Customer Support Data Generator

1. Overview

This application generates realistic synthetic customer support data for demo analytics and testing purposes. It creates a comprehensive dataset that simulates a customer support operation for an audio equipment company, including support tickets, customer interactions, agent performance data, and communication channel metrics.

The generator produces statistically realistic data with configurable business rules, ensuring that relationships between entities (customers, tickets, interactions) follow real-world patterns.
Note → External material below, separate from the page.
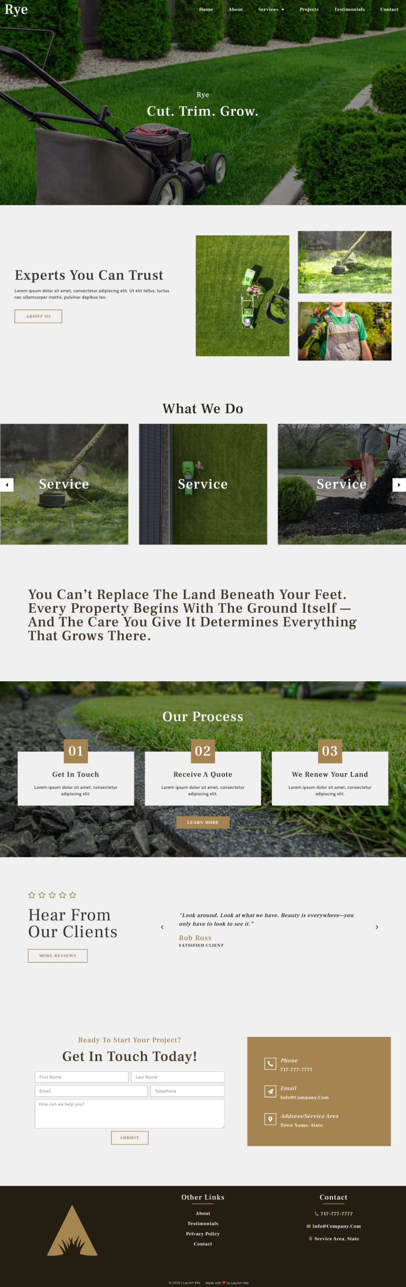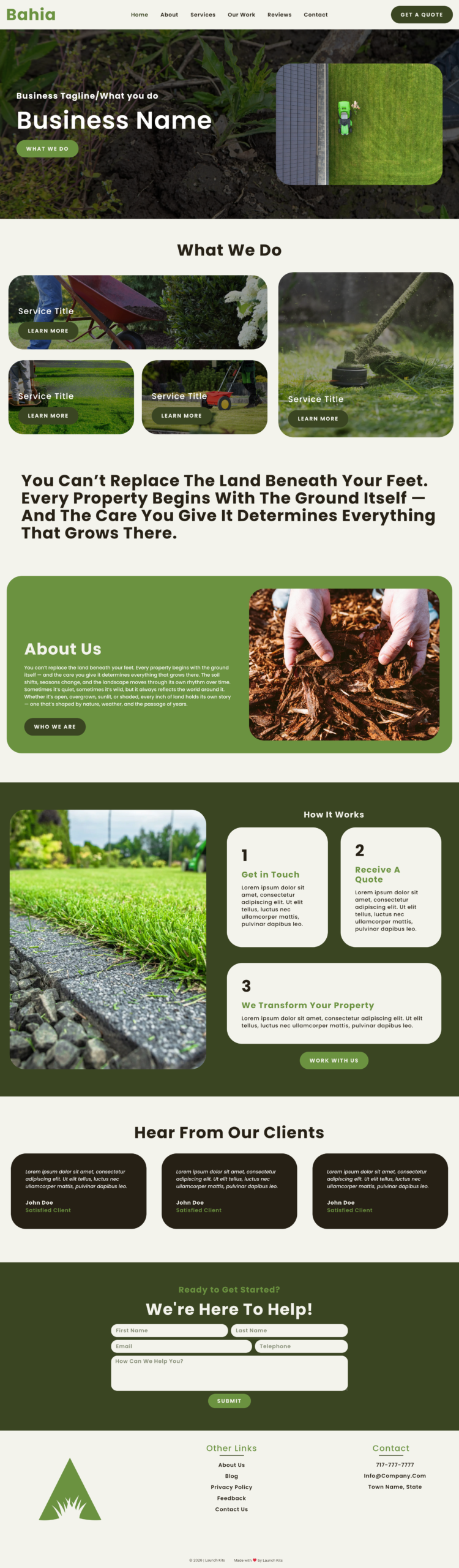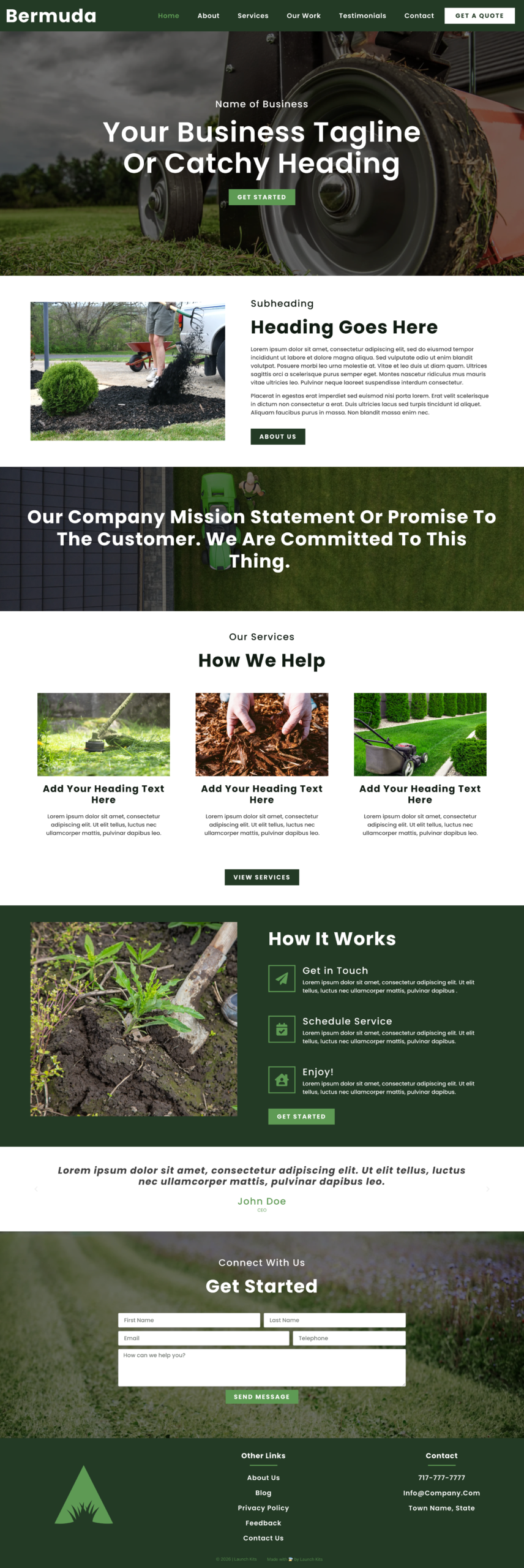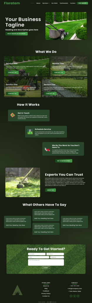 Bermuda is a clean layout that puts the emphasis on your message and photos of your work. It’s perfect for a lawn care business that prioritizes clear messaging and clear calls-to-action.

This makes it ideal for:

  • Testing and demo customer support analytics dashboards
  • Training machine learning models on support data
  • Demonstrating customer service KPIs and metrics
  • Creating sample datasets for business intelligence tools

2. Output Structure

The application generates 6 CSV files in the exports/ folder:

2.1 Users Table (users_table.csv)

Contains support agent information.

Columns:

  • id: Unique agent identifier
  • full_name: Agent's full name
  • first_name: Agent's first name
  • last_name: Agent's last name
  • fte: Full-time equivalent (0.75 or 1.0)
  • position: Job position (always "support_agent")
  • start_date: Agent start date (YYYY-MM-DD)
  • status: Employment status (always "active")
  • hourly_rate_eur: Hourly rate in EUR

2.2 WFM Tabe (wfm_table.csv)

Contains agents specific working time metrics

Columns:

  • date: calendar date within agent's working period
  • user_id: unique agent identifier
  • paid_time: paid time based on the number of FTEs of each agent (in minutes)
  • scheduled_time: scheduled work time (in minutes)
  • available_time: time of agent being actually available to work (scheduled time - breaks - non presence) (in minutes)
  • interactions_time: time spend on interactions with customer and post-work (in minutes)
  • productive_time: interactions time + other productive activities (meetings, training, admin work)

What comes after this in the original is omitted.